■ AIM OF THE EXERCISE ■
Output the data unchanged and complete, minus the images.

■ DATA EXTRACT ■
Segment Open
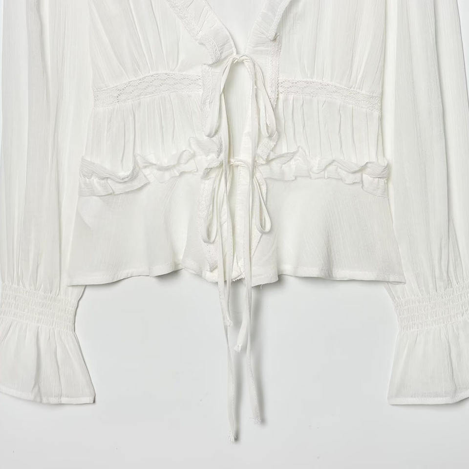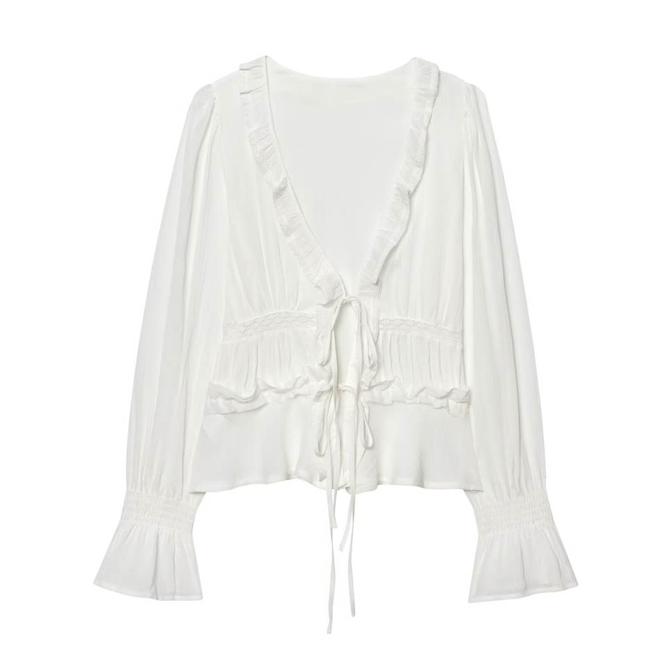PB&ZA Donna 2026 Primavera Nuova Moda Camicette in Tulle Decorativo Laminato Ricamato Vintage a Maniche Lunghe Blusas Chic da Donna
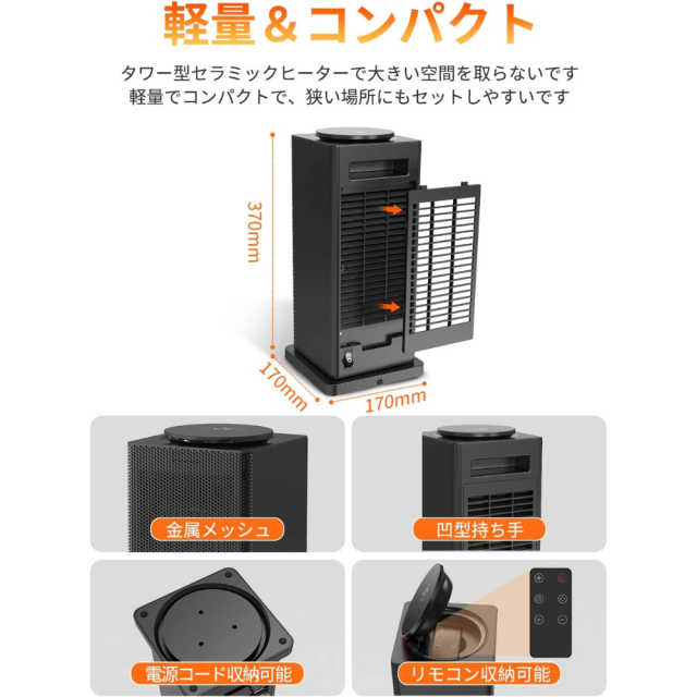 【清潔保持可能・片手でも移動出来!】吸い込み口のフィルターが取り外し出来、清掃可能で熱交換器の埃対策も万全!本足元ヒーターは17x17x37cmのコンパクトサイズで脱衣所、トイレ、洗面所など大型ヒーターの入らない狭めの場所にも置いてご利用いただけます。ヒーターの裏面にハンドル付き、2.20kgで片手でも移動出来て収納もしやすくなります。1.5mの電源コード付き、ニーズにお応えする場所を気軽に選ばなく、どこに置いても楽々です!
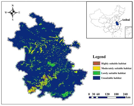 This study aimed to assess Anatidae habitat suitability in Anhui Province, predict their potential distribution, and gain insights into their habitat selection preferences in the region. The anticipated outcomes seek to offer a scientific foundation for Anatidae protection and management. Furthermore, this study aimed to broaden the scope of Anatidae research application, offer basic information on the spatial distribution of host animals for the early warning of epidemics, and contribute to the protection of biodiversity and maintenance of public health and safety [].
Segment Closed
■ SOLUTION BELOW ■
PB&ZA Donna 2026 Primavera Nuova Moda Camicette in Tulle Decorativo Laminato Ricamato Vintage a Maniche Lunghe Blusas Chic da Donna
 【清潔保持可能・片手でも移動出来!】吸い込み口のフィルターが取り外し出来、清掃可能で熱交換器の埃対策も万全!本足元ヒーターは17x17x37cmのコンパクトサイズで脱衣所、トイレ、洗面所など大型ヒーターの入らない狭めの場所にも置いてご利用いただけます。ヒーターの裏面にハンドル付き、2.20kgで片手でも移動出来て収納もしやすくなります。1.5mの電源コード付き、ニーズにお応えする場所を気軽に選ばなく、どこに置いても楽々です!
 This study aimed to assess Anatidae habitat suitability in Anhui Province, predict their potential distribution, and gain insights into their habitat selection preferences in the region. The anticipated outcomes seek to offer a scientific foundation for Anatidae protection and management. Furthermore, this study aimed to broaden the scope of Anatidae research application, offer basic information on the spatial distribution of host animals for the early warning of epidemics, and contribute to the protection of biodiversity and maintenance of public health and safety [].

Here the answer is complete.